------ Material provided ------
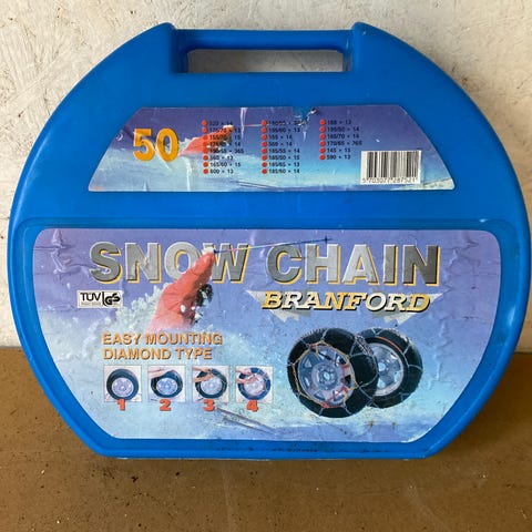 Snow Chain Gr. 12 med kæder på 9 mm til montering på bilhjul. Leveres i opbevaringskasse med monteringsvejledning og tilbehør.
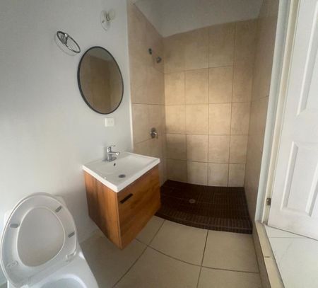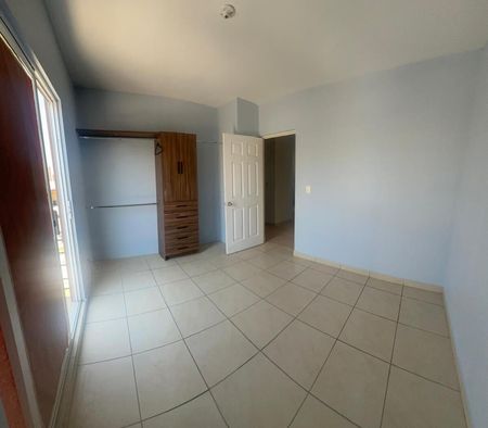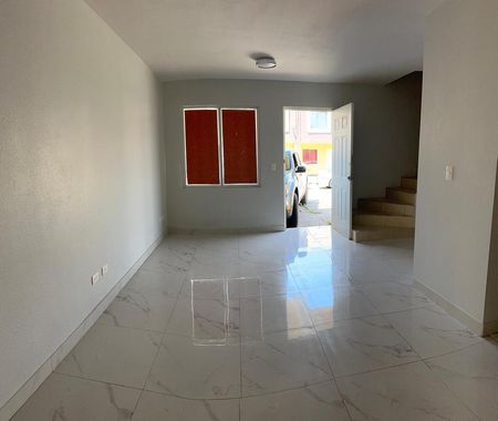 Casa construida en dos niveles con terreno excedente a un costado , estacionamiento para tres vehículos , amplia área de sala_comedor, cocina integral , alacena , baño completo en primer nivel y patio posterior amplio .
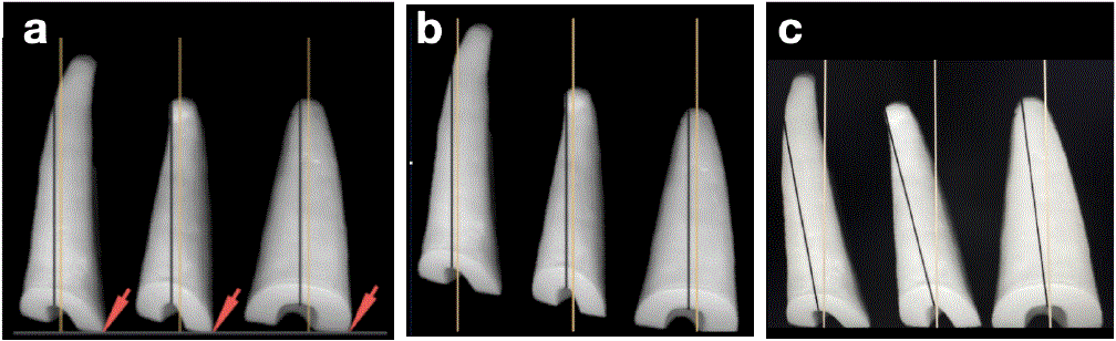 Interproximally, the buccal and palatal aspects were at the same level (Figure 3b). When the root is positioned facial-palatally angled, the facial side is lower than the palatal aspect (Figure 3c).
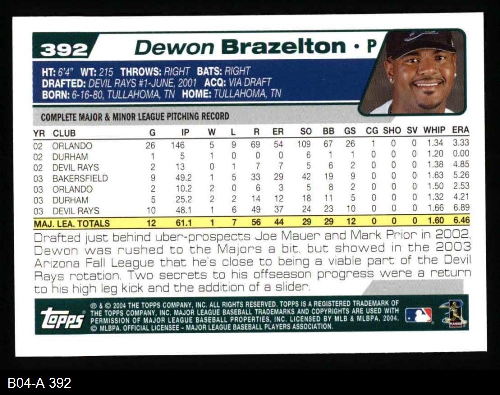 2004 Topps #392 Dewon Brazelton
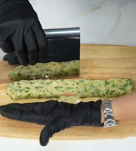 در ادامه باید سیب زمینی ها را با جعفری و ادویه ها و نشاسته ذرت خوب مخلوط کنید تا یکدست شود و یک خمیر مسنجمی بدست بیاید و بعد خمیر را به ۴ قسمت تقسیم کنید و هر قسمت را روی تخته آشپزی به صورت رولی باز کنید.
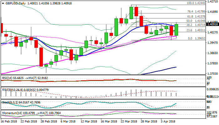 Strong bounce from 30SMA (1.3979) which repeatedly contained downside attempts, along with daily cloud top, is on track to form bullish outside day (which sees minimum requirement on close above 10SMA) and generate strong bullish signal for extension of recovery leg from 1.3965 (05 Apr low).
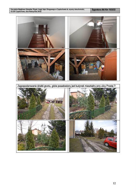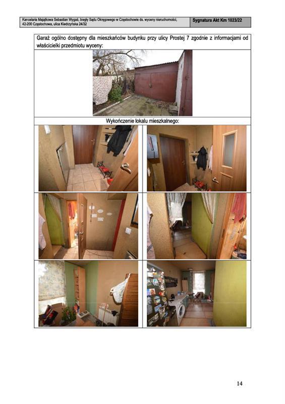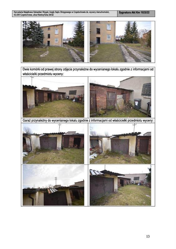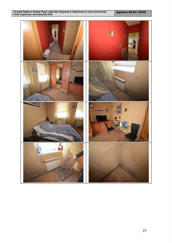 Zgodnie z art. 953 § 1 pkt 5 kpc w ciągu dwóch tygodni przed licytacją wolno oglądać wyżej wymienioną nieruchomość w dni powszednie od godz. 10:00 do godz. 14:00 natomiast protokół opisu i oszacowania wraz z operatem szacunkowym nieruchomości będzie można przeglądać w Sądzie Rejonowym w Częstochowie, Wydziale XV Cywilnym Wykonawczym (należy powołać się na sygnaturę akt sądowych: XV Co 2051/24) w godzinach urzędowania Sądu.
------
-- The task --
Using the entries above, repeat exactly the lines from the one with "2004 Topps #392 Dewon Brazelton" to the one with "در ادامه باید", both included, and leave the pictures behind.

-- Answer --
 2004 Topps #392 Dewon Brazelton
 در ادامه باید سیب زمینی ها را با جعفری و ادویه ها و نشاسته ذرت خوب مخلوط کنید تا یکدست شود و یک خمیر مسنجمی بدست بیاید و بعد خمیر را به ۴ قسمت تقسیم کنید و هر قسمت را روی تخته آشپزی به صورت رولی باز کنید.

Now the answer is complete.